Indian researchers have proposed a groundbreaking method for treating wastewater sustainably by utilizing a microalgae-bacterial consortium. This innovative approach, highlighted in a recent study, offers a cost-effective and eco-friendly alternative to traditional ammonium removal techniques, which rely heavily on energy-intensive oxygenation processes.

The Problem of Ammonium in Wastewater

Ammonium, a toxic nitrogen compound derived from gaseous ammonia, is a significant pollutant in wastewater. It poses severe risks to aquatic life, animals, and human health by altering water pH and contributing to eutrophication—where excess nutrients fuel harmful algal blooms. Professor Kannan Pakshirajan from the Indian Institute of Technology Guwahati explains, “Ammonia can harm mammalian cells and human health due to its potential to alter water pH. Drinking water is typically slightly alkaline, and if its pH becomes acidic, it becomes unfit for consumption.”

India faces a critical wastewater management challenge. A 2022 Niti Aayog report reveals that urban areas generate approximately 72,368 million liters per day (MLD) of wastewater, while rural regions produce 39,604 MLD. Sources include agricultural runoff, industrial effluents, and sewage, all containing harmful chemicals, with ammonium being particularly concerning.

Traditional Methods and Their Drawbacks

Conventional ammonium removal processes involve oxygenation through mechanical or aeration systems, accounting for up to 90% of a treatment plant’s energy consumption. These methods are not only costly but also generate waste-activated sludge, which presents disposal challenges. “The major cost involved in wastewater treatment comes from aeration, where oxygen is supplied by pumping or mechanical operations,” Pakshirajan explains.

Chemical methods, while faster, require additional energy and are less environmentally friendly. As such, biological approaches, such as anaerobic digestion using microorganisms, have gained preference due to their sustainability and lower energy demands.

The Role of Microalgae-Bacterial Consortia

The study introduces a photo-sequencing batch reactor (PSBR) that uses a combination of microalgae and bacteria for ammonium removal. This biological process involves:

1. Ammonia oxidation: The microalgae produce oxygen via photosynthesis to support this step.
2. Nitrate conversion: In anoxic conditions, nitrate is reduced to nitrogen, the least harmful form of nitrogen.
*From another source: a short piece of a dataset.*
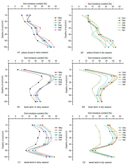 - On the seasonal scale (Figure 7): There were significant differences in SMC among the three different site types. The SMC in arbors forest land appeared as a linear curve in the rainy and dry seasons. The SMC also increases as the depth increases. The SMC curves of bush land in the rainy and dry seasons were waveform in shallow soil layers and linear in deep soil layers. The SMC increased with soil depth and reached the maximum value at 20 cm, then gradually decreased to the minimum value at 40 cm. SMC tended to be stable at 40 cm to 100 cm. The SMC curves of weed land showed a circular shape from 10 cm to 60 cm and linearly increased after reaching the minimum value at 60 cm.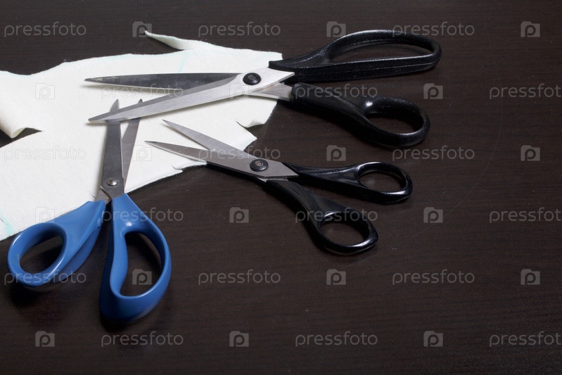 Три пары ножниц и ткань

By alternating light and dark cycles, researchers regulate the oxygen levels necessary for each stage. During light exposure, algae produce oxygen, aiding ammonia oxidation. In the absence of light, algae consume residual oxygen, creating conditions conducive to nitrate conversion.

“This process, known as the photo-activated sludge process, mimics natural ammonium absorption mechanisms while reducing reliance on external energy sources,” Pakshirajan notes.

Advantages of the New Approach

The PSBR system leverages photosynthesis to cut energy consumption by 50–90% compared to traditional aeration methods. Additionally, the absorption of ammonia by bacteria leads to increased biomass, which enhances oxygen production under light, creating a self-sustaining cycle.

“This is a nature-based solution that reduces costs associated with aeration, oxygen supply, and pumping while utilizing entirely natural substances,” Pakshirajan highlights.

Limitations and Future Directions

While the approach shows great promise, some limitations remain. High ammonia concentrations can hinder the efficiency of ammonia-oxidizing bacteria. However, typical ammonium levels in wastewater are within tolerable ranges, minimizing this concern.

T.V. Ramachandra from the Indian Institute of Science Bengaluru commends the theoretical modelling but suggests that incorporating more field samples could strengthen the results. He also points out that similar consortia are already used in lake rejuvenation projects, particularly in Bengaluru.